-- Task item --
Print each record exactly as it appears, but drop the images.

-- Records for the exercise --
_ _ _ _ _
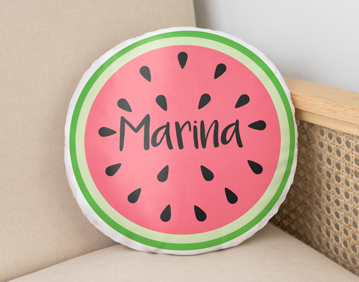 El verano es el momento perfecto para disfrutar. Llegan las vacaciones, el calor, el sol, la playa, la piscina, la fruta rica y bien fresquita... ¡Es la mejor época del año! Por eso, si quieres sorprender a alguien muy especial con un regalo único y con un diseño muy veraniego, este cojín redondo personalizado es perfecto. Podrás elegir la fruta que más te guste y nosotros nos encargamos de poner el diseño en este súper cojín. ¡Es un detallazo! Un cumpleaños, el amigo invisible o cualquier fecha especial en la que tengas que hacer un regalo, no dudes que con este original cojín triunfarás seguro. Si no sabes qué regalar es esa ocasión tan importante, este cojín es perfecto para dejar a cualquier persona sin palabras. Seguro que le encantará descansar sobre él o utilizarlo para decorar cualquier rinconcito de casa. El cojín incluye el relleno y la funda donde irá impreso el diseño. ¡Lo tiene todo! Al personalizar este cojín redondo tendrás que elegir cuál es tu fruta favorita. Primero añade el producto al carrito y entra en el área de personalización. Elige qué fruta te gusta más (sandía, naranja, kiwi, limón) y escribe el nombre que quieras. ¡Tendrás el mejor cojín del mundo! Diámetro del cojín: 19 cm.
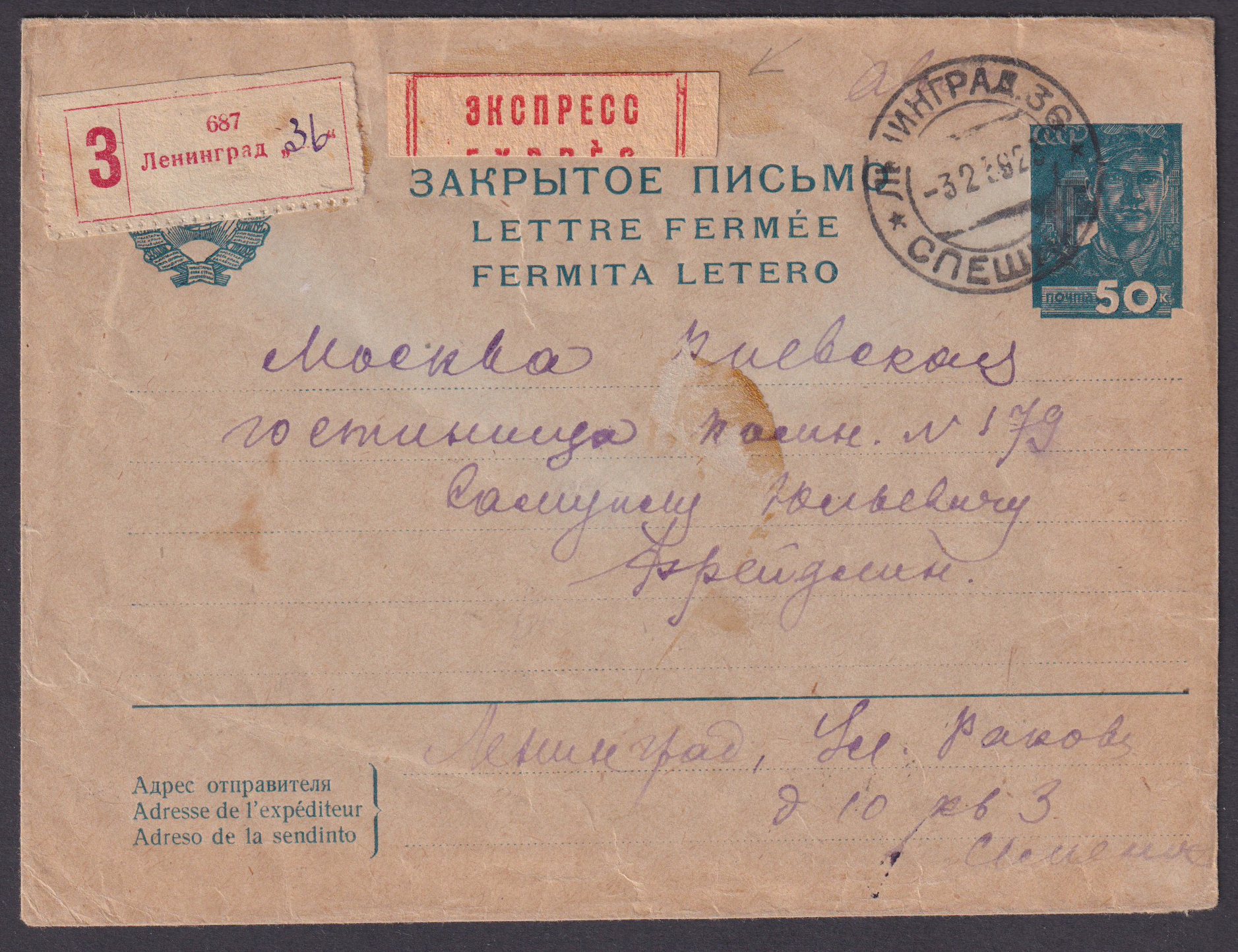 СПЕШНОЕ. Из Ленинграда 03.02.39 в Москву 03.02.39 с этикеткой «ЭКСПРЕСС» на лицевой части конверта. Сзади, вероятно, отклеилась марка.
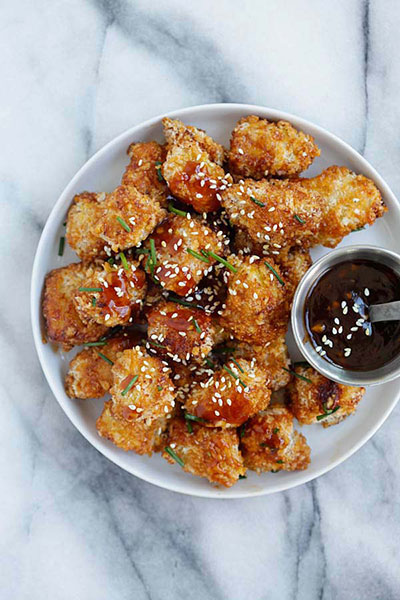 - Gắp thịt gà ra đĩa, rưới hỗn hợp nước sốt lên, trang trí với vừng rang và hành lá/lá chanh.
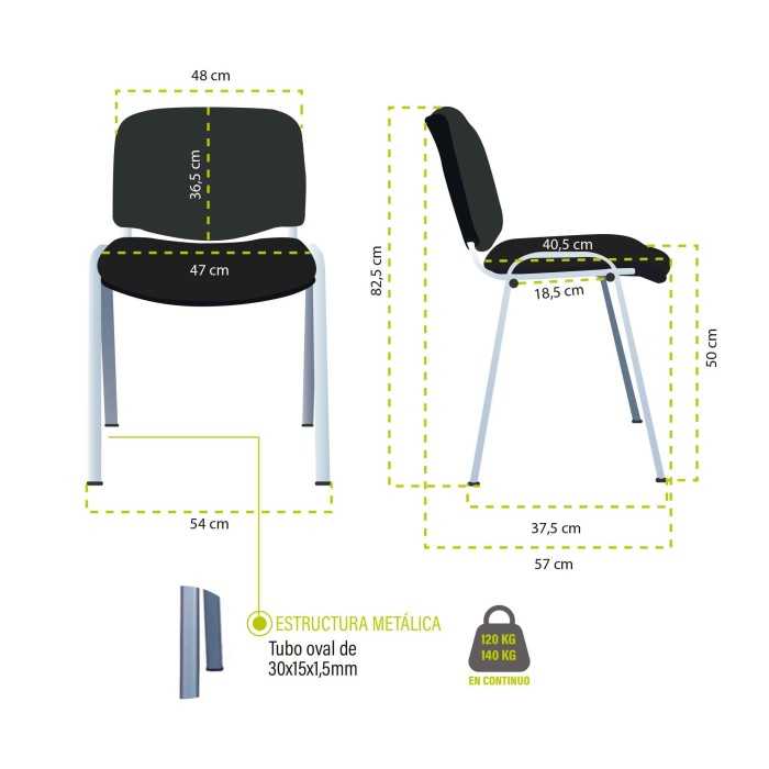Su asiento es de gran grosor por lo que el confort está asegurado durante las horas de uso por ello este modelo de silla 4 patas es ideal para colectividades, centros de formación, autoescuelas, salas de reunión o para oficinas. El ancho del asiento es de 46 cm y su fondo de 40,5 cm por lo que la persona que esté sentada en ella dispone de espacio suficiente para estar cómodo durante las horas de uso y adoptar la postura idónea en todo momento.
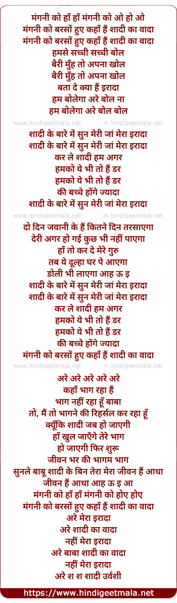 Lyrics of Mangni Ko Barso Hue - मंगनी को बरसों हुये
_ _ _ _ _
-- Solution for this task --
 El verano es el momento perfecto para disfrutar. Llegan las vacaciones, el calor, el sol, la playa, la piscina, la fruta rica y bien fresquita... ¡Es la mejor época del año! Por eso, si quieres sorprender a alguien muy especial con un regalo único y con un diseño muy veraniego, este cojín redondo personalizado es perfecto. Podrás elegir la fruta que más te guste y nosotros nos encargamos de poner el diseño en este súper cojín. ¡Es un detallazo! Un cumpleaños, el amigo invisible o cualquier fecha especial en la que tengas que hacer un regalo, no dudes que con este original cojín triunfarás seguro. Si no sabes qué regalar es esa ocasión tan importante, este cojín es perfecto para dejar a cualquier persona sin palabras. Seguro que le encantará descansar sobre él o utilizarlo para decorar cualquier rinconcito de casa. El cojín incluye el relleno y la funda donde irá impreso el diseño. ¡Lo tiene todo! Al personalizar este cojín redondo tendrás que elegir cuál es tu fruta favorita. Primero añade el producto al carrito y entra en el área de personalización. Elige qué fruta te gusta más (sandía, naranja, kiwi, limón) y escribe el nombre que quieras. ¡Tendrás el mejor cojín del mundo! Diámetro del cojín: 19 cm.
 СПЕШНОЕ. Из Ленинграда 03.02.39 в Москву 03.02.39 с этикеткой «ЭКСПРЕСС» на лицевой части конверта. Сзади, вероятно, отклеилась марка.
 - Gắp thịt gà ra đĩa, rưới hỗn hợp nước sốt lên, trang trí với vừng rang và hành lá/lá chanh.
Su asiento es de gran grosor por lo que el confort está asegurado durante las horas de uso por ello este modelo de silla 4 patas es ideal para colectividades, centros de formación, autoescuelas, salas de reunión o para oficinas. El ancho del asiento es de 46 cm y su fondo de 40,5 cm por lo que la persona que esté sentada en ella dispone de espacio suficiente para estar cómodo durante las horas de uso y adoptar la postura idónea en todo momento.
 Lyrics of Mangni Ko Barso Hue - मंगनी को बरसों हुये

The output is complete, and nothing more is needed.